The dismal science of voter turnout

What works best for getting out the vote? An economist says knocking on doors. Who will knock on the most doors this year? Guess.

By Andrew Leonard

Published November 3, 2008 9:25PM (EST)

Princeton economist Alan B. Krueger has a post up on the New York Times Economix blog looking at "Economics and the Science of Voter Turnout." He cited a previous column he had written summarizing the research conclusions of Yale political scientists Donald P. Green and Alan S. Gerber in their book, "Get Out the Vote!"

For a decade the duo has used controlled experiments conducted as part of actual election campaigns to learn how leafleting, robocalls, TV ads and other strategies affect voter turnout.

They concluded that it is expensive to increase voter turnout. Door-to-door canvassing, though expensive, seemed to yield the most votes per dollar spent. TV ads did not seem very effective.

Anecdotal accounts from the campaign trail indicate that the Obama campaign has devoted unprecedented resources and exploited enormous volunteer labor in door-to-door canvassing. Less anecdotally, there's this report published on Friday from the Washington Post's Matthew Mosk:

Sen. John McCain and the Republican National Committee will unleash a barrage of spending on television advertising that will allow him to keep pace with Sen. Barack Obama's ad blitz during the campaign's final days, but the expenditures will impact McCain's get-out-the-vote efforts, according to Republican strategists....

The decision to finance a final advertising push is forcing McCain to curtail spending on Election Day ground forces to help usher his supporters to the polls... The vaunted, 72-hour plan that President Bush used to mobilize voters in 2000 and 2004 has been scaled back for McCain. He has spent half as much as Obama on staffing and has opened far fewer field offices.
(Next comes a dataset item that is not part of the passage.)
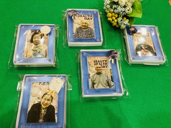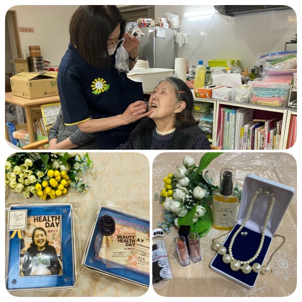 お顔のスキンケアにハンドマッサージお肌ツルツル潤ったところで口紅とアクセサリーを付けてちょっとおめかし…写真をパシャリ!!せっかくなので額に入れてプレゼントさせていただきました。
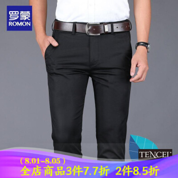 罗蒙冰丝休闲裤男士商务休闲直筒宽松夏季薄款天丝弹力青年西裤修身西服裤子正装免烫 黑色 32 2尺5腰围 |

This week, a number of veteran GOP operatives who orchestrate door-to-door efforts to get voters to the polls were told they should not expect to receive plane tickets, rental cars or hotel rooms from the campaign.

Krueger notes that there is now an InTrade prediction market in voter turnout, and traders are betting "that more than 60 percent of the voting-age population will vote, which is higher than that in any presidential election since 1968."

If door-to-door canvassing gets you your best dollar-value, and the Obama campaign is investing more resources into knocking on doors, and voter turnout reaches a high not seen in 40 years, well, who do you think has the advantage?